Jusque dans les années 1980, l’évolution du Wing Chun se fait à travers les disciples de Yip Man. Parmi ces élèves, Wong Shun Leung, Wong Kiu, Wong Chaok, Ng Chan, Lee Kam Sing (Hong Kong), Lo Man Kan (Taïwan), Cheung Cheuk Heng dit William Cheung (Australie), Lee Siao Lung « petit dragon » ou Bruce Lee (Etats-Unis), Mek Po, Yeung Hei, Moy Yat (Etats-Unis), Ho Kam Ming, et Leung Ting (Allemagne). En 1972, Yip Man donne ses derniers cours particuliers à Wong Chung Wah (Yat Oak Goi Tse), Wong Hei et Hong Jap Sum.

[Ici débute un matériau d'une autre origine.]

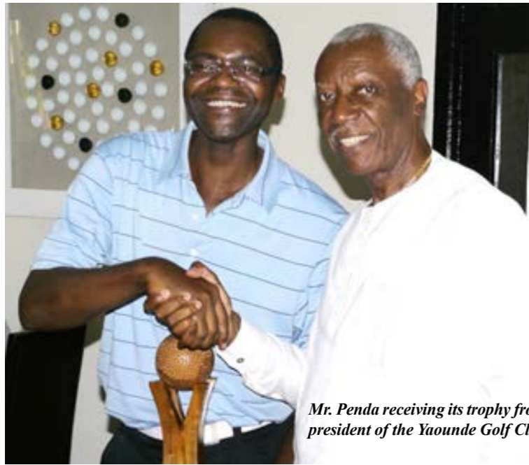
Mr. Penda receiving its trophy from the president of the Yaounde Golf Club

It took place on 25 th November 2017 at the Yaounde Golf Club. The day began with the launch of the 10 th and final day of the SNH Race 2017. Participants gathered around seven a. m. at the Yaounde Golf Club (GCY). Divided in several groups, they took part in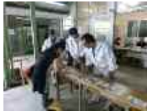
9/24 安全フェア 子供免許証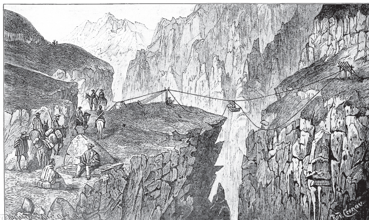
FIGURA 2 TRANSPORTE EN LOS ANDES

Fuente: ALWIN OPPEL y ARNOLD LUDWIG (eds.). Ferdinand Hirt's Geographische Bildertafeln (Hansebooks, 1884).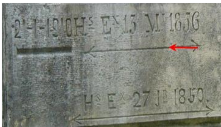
Repère de crue de 1856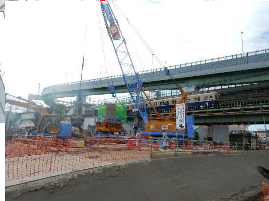
歩道橋基礎礎部分の撤去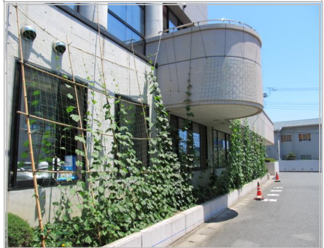
6月末 2階に届くまでネットを張ります。

Aujourd’hui chaque branches du style a sa version propre, soit pour prouver son authenticité soit pour justifier du bien fondé de sa technique. Il est vraisemblable que chaque école, chaque style contiennent une part du système originel, agrémenté de l’interprétation de chacun de ses représentants.

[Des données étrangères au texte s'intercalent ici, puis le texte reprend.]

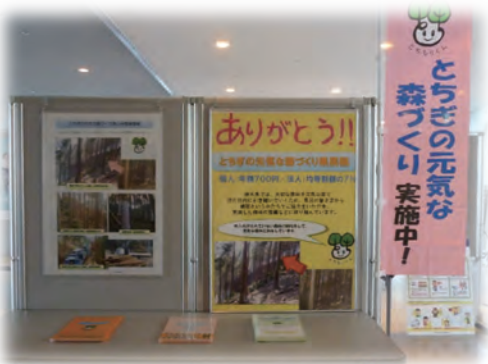
県庁15階展望ロビーの展示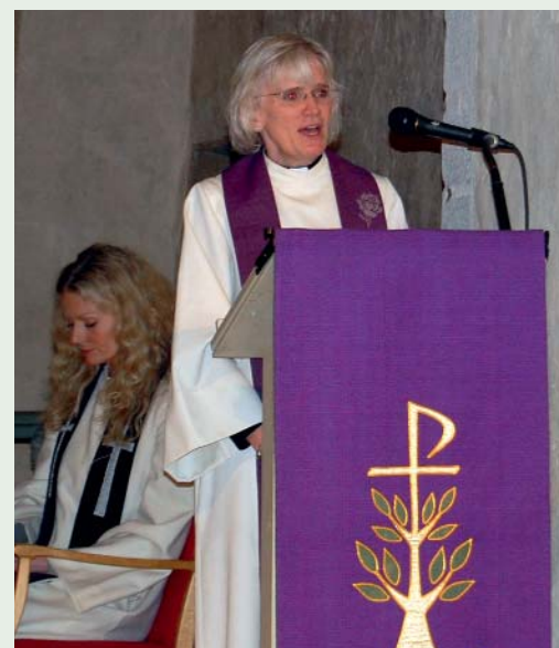
Den nye sognepresten for første gang.

Pour Didier Beddar qui fut l’un des précurseurs du Wing Chun en France la question de l’évolution souleva la réponse suivante :

« (…) Il existe aujourd’hui différent Wing Chun, et c’est bien comme ça! C’est ce qui assure la vie et la survie du système à travers les âges. Comme tout les arts (peinture, sculpture, danse, etc.), ils sont en constante évolution. Ce qui était contemporain aujourd’hui sera demain rétro. Le meilleur moyen d’apprendre à contrer les autres styles c’est d’étudier les nouveaux systèmes et d’une certaine manière nous pouvons dire que le Wing Chun enseigné aujourd’hui est plus efficace que le Wing Chun d’il y a 40 ans. Toutefois il faut faire attention : beaucoup de gens aujourd’hui veulent faire une synthèse mais il ne suffit pas d’être étudiant dans un style pour se permettre de créer. Si il y a une synthèse à faire, cela passe par un développement personnel… cela ne se fait pas en 15 jours ! Il faut non seulement avoir eu de bon guide, mais aussi prendre en compte le talent d’une personne, associé à une étude minimum de 15 à 20 ans de travail sérieux avant de penser à étendre le système, et cela n’est pas donné à tout le monde. L’évolution entraîne parfois quelques dérives navrantes, souvent dû à un manque d’expérience. On vit, entre autre, apparaître une nouvelle catégorie de professeur par exemple, qui, cédant plus que de raison à la logique du marché, en allèrent jusqu’à s’attribuer eux-mêmes leur ceinture de professeur… N’oublions donc pas l’adage et restons prudent dans le choix de nos maîtres : dix ans c’est bien, vingt ans c’est mieux !« 

didier beddar et stephane serror

Tradition et évolution

En conclusion, les arts martiaux ont-ils une évolution, ont-il une histoire ou au contraire sont-il immuable ? Tout le monde sait pourtant que les lois de la physique, qui s’applique aujourd’hui à nous même et à notre environnement immédiat, sont celles qui régissent le comportement de l’Univers dans son ensemble à toute époque. Tout est Un, disait le sage. En admettant que les observations nouvelles continueront de conforter ces images, il restera que les arts martiaux tout comme l’Univers lui-même, sont en constante évolution, qu’ils ne sont pas immuable et qu’ils subissent donc la flèche du temps.